------ MATERIAL FOR THIS EXERCISE
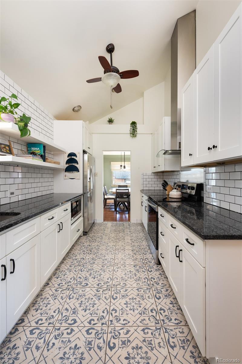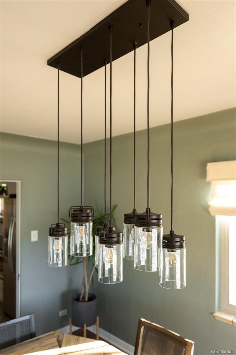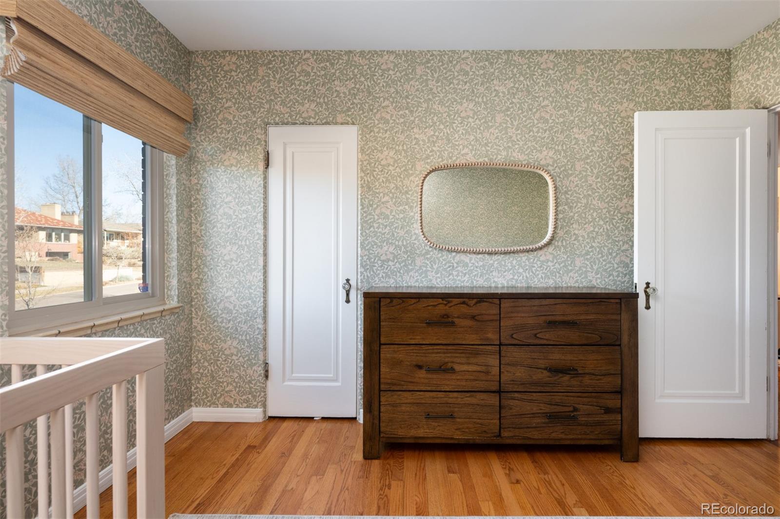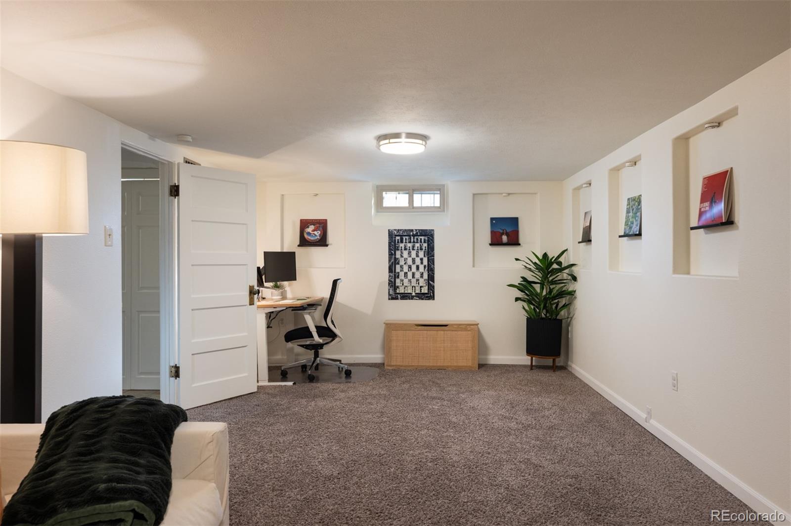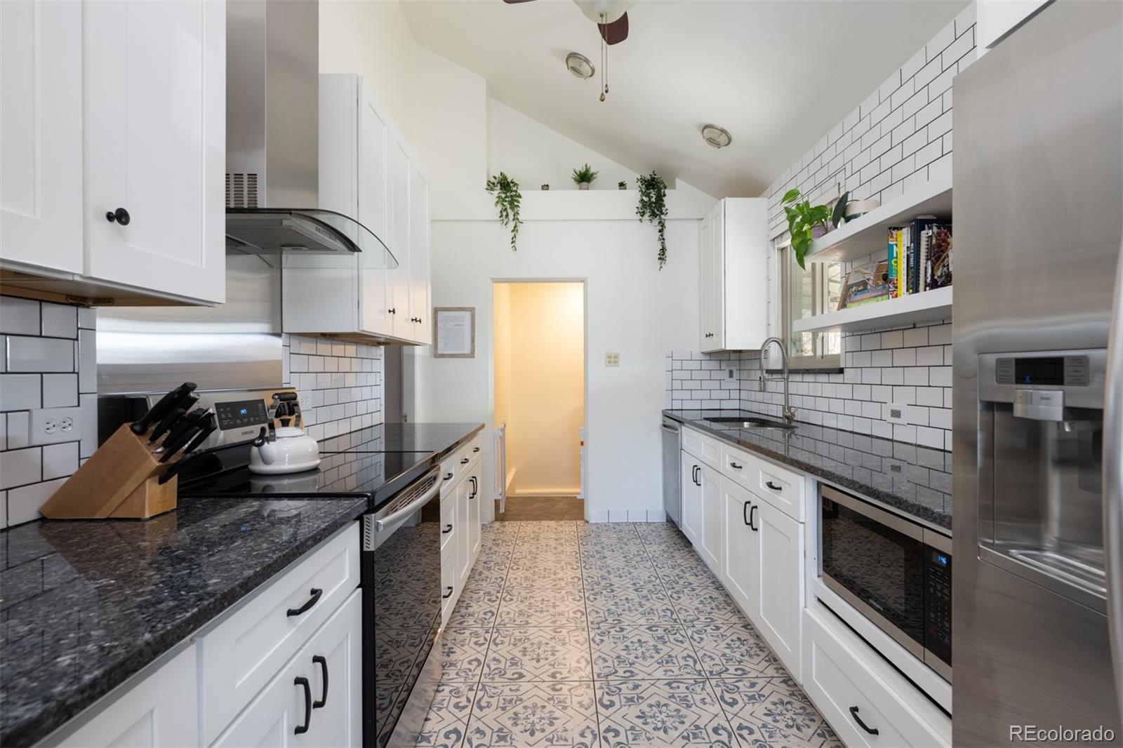 Ideally perched in West Highland almost equidistant to both Tennyson Street and Highland Square, this charming 1940 Tudor seamlessly blends old-world charm with modern convenience. Head inside through the arched doorway where you're welcomed by gleaming refinished original hardwood floors and a rare entryway landing with a coat closet. Large west facing windows welcome you to the bright and sunny living room which is anchored by a cozy wood-burning fireplace with new damper and smoke guard. The dining room features south and west facing windows for providing ample natural light and is bordered by original coved ceilings and arched entryways. The updated kitchen boasts vaulted ceilings and tons of countertop space with the perfect blend of cabinetry and open shelving. Downstairs welcomes you with two additional bedrooms--one featuring an expanded closet and egress window--and a beautifully resurfaced 3/4 bath with cast iron tub. A dedicated gym room and an additional family room with cozy carpet provide the perfect spaces for fitness, movie nights with the family, or focused work-from-home time. Step outside to enjoy your private oasis. The fully-fenced backyard features a freshly resodded lawn supported by a well-maintained sprinkler system, providing great opportunities to unwind, garden, or play. A generously sized patio offers the perfect spot for summer barbecues or relaxing evenings under the stars. A detached 2-car garage with new door is the perfect place to store your vehicle or Colorado adventure toys. Modern conveniences like central air conditioning, forced-air heating, and a new washer/dryer with 3 years remaining warranty ensure year-round comfort. Freshly painted throughout including all ceilings and trim, this move-in-ready home is a must-see for anyone seeking a West Highland property with room to make it their own.
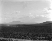 771 "Through the Desert;" line of automobiles on a dirt road through an area of sagebrush
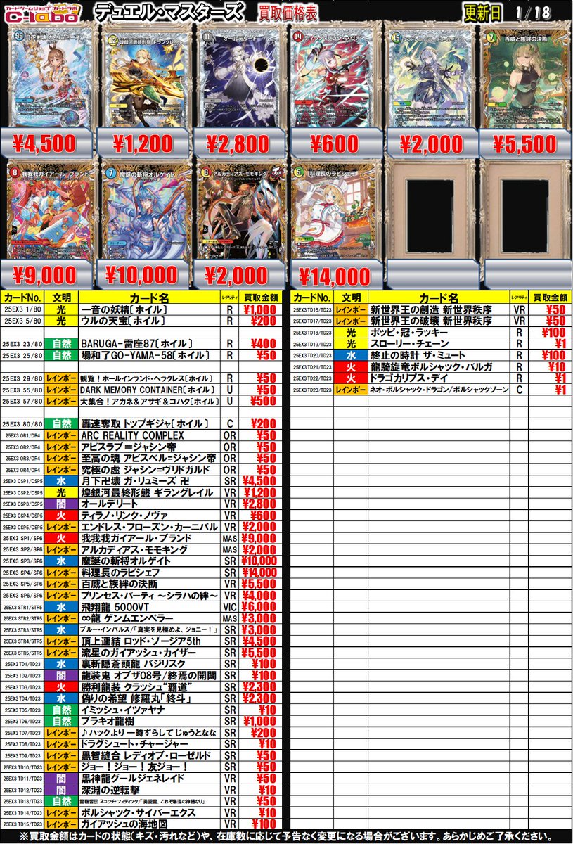 【デュエマ買取情報】 最新弾 『邪神爆発デュエナマイトパック「王道W」』 買取表です‼ お持ち込み、お待ちしております‼ ※状態や在庫状況、相場によって予告無く終了する可能性がございます。ご了承ください。
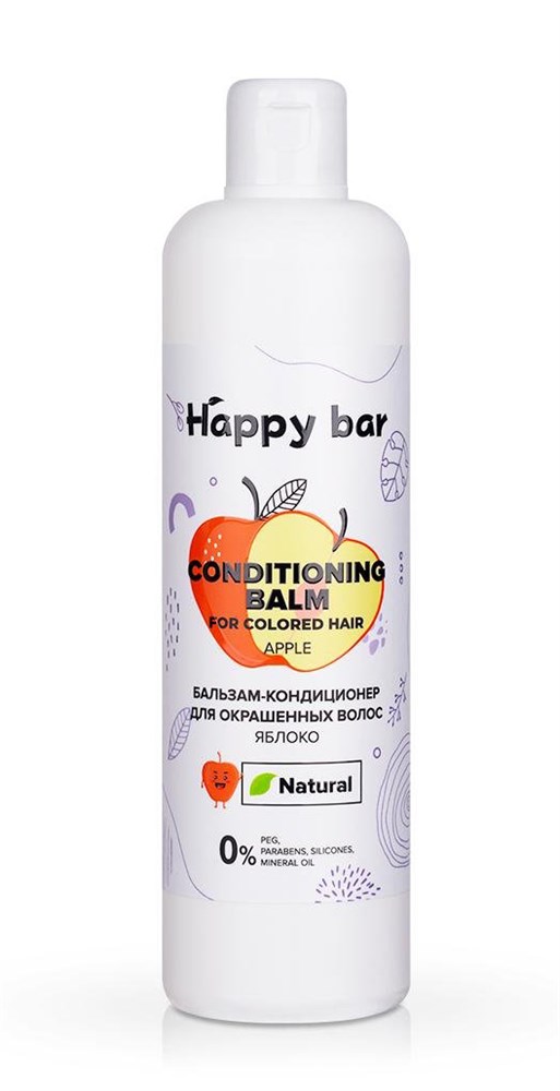 СПОСОБ ПРИМЕНЕНИЯ: Равномерно распределите бальзам по влажным волосам. Оставьте на 3 минуты, затем смойте теплой водой. Рекомендуется применять совместно с шампунем для окрашенных волос Happy bar для достижения лучшего результата.
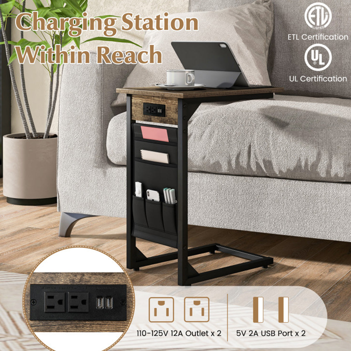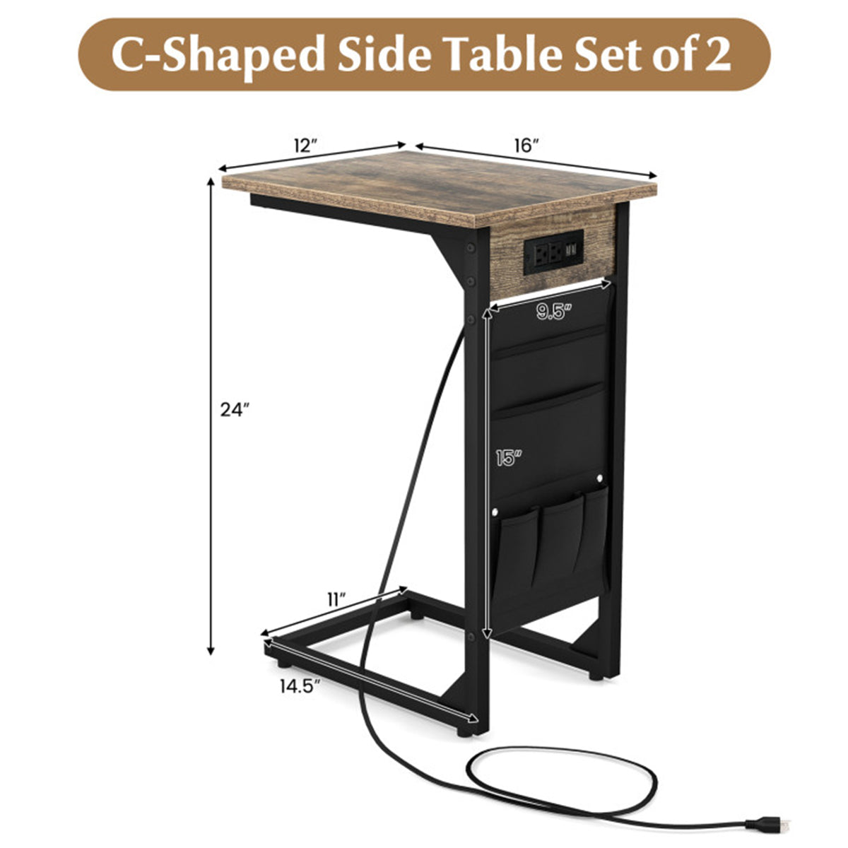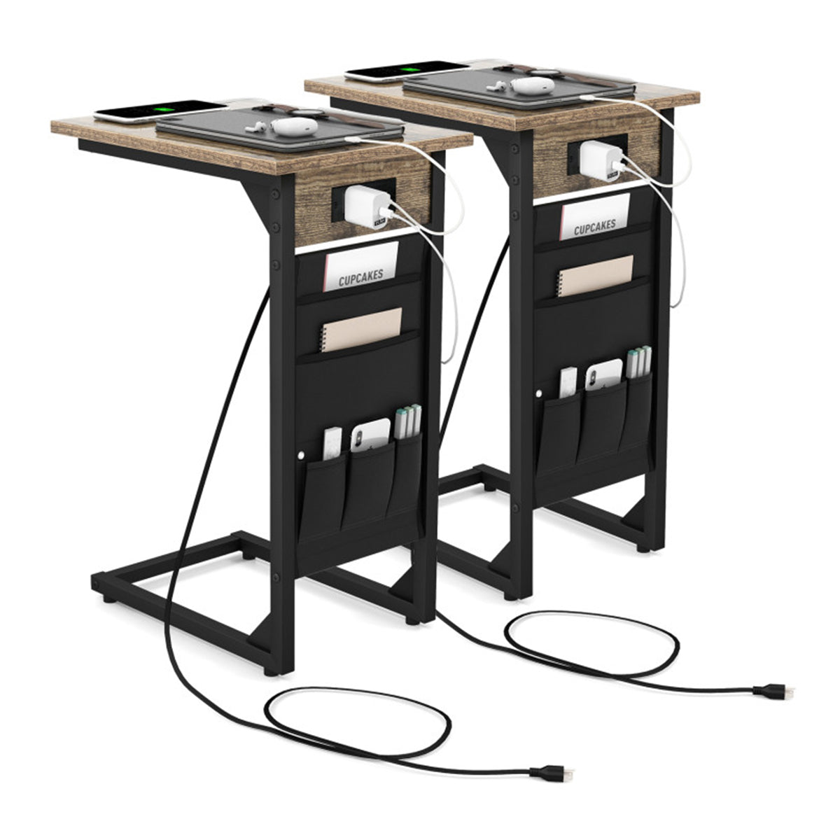 C-Shaped End Tables with Charging Station (Set of 2)
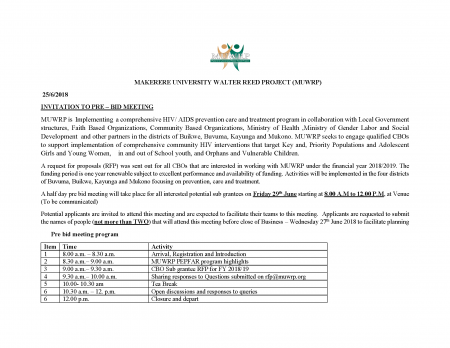 A half day pre bid meeting will take place for all interested potential sub grantees on Friday 29th June starting at 8.00 A.M to 12.00 P.M, at Venue (To be communicated)
------------
WHAT NEEDS TO BE DONE
From the opening line of the entries above to the line containing "area of sagebrush", please transcribe each line exactly, skipping every picture.

RESULT BELOW
 Ideally perched in West Highland almost equidistant to both Tennyson Street and Highland Square, this charming 1940 Tudor seamlessly blends old-world charm with modern convenience. Head inside through the arched doorway where you're welcomed by gleaming refinished original hardwood floors and a rare entryway landing with a coat closet. Large west facing windows welcome you to the bright and sunny living room which is anchored by a cozy wood-burning fireplace with new damper and smoke guard. The dining room features south and west facing windows for providing ample natural light and is bordered by original coved ceilings and arched entryways. The updated kitchen boasts vaulted ceilings and tons of countertop space with the perfect blend of cabinetry and open shelving. Downstairs welcomes you with two additional bedrooms--one featuring an expanded closet and egress window--and a beautifully resurfaced 3/4 bath with cast iron tub. A dedicated gym room and an additional family room with cozy carpet provide the perfect spaces for fitness, movie nights with the family, or focused work-from-home time. Step outside to enjoy your private oasis. The fully-fenced backyard features a freshly resodded lawn supported by a well-maintained sprinkler system, providing great opportunities to unwind, garden, or play. A generously sized patio offers the perfect spot for summer barbecues or relaxing evenings under the stars. A detached 2-car garage with new door is the perfect place to store your vehicle or Colorado adventure toys. Modern conveniences like central air conditioning, forced-air heating, and a new washer/dryer with 3 years remaining warranty ensure year-round comfort. Freshly painted throughout including all ceilings and trim, this move-in-ready home is a must-see for anyone seeking a West Highland property with room to make it their own.
 771 "Through the Desert;" line of automobiles on a dirt road through an area of sagebrush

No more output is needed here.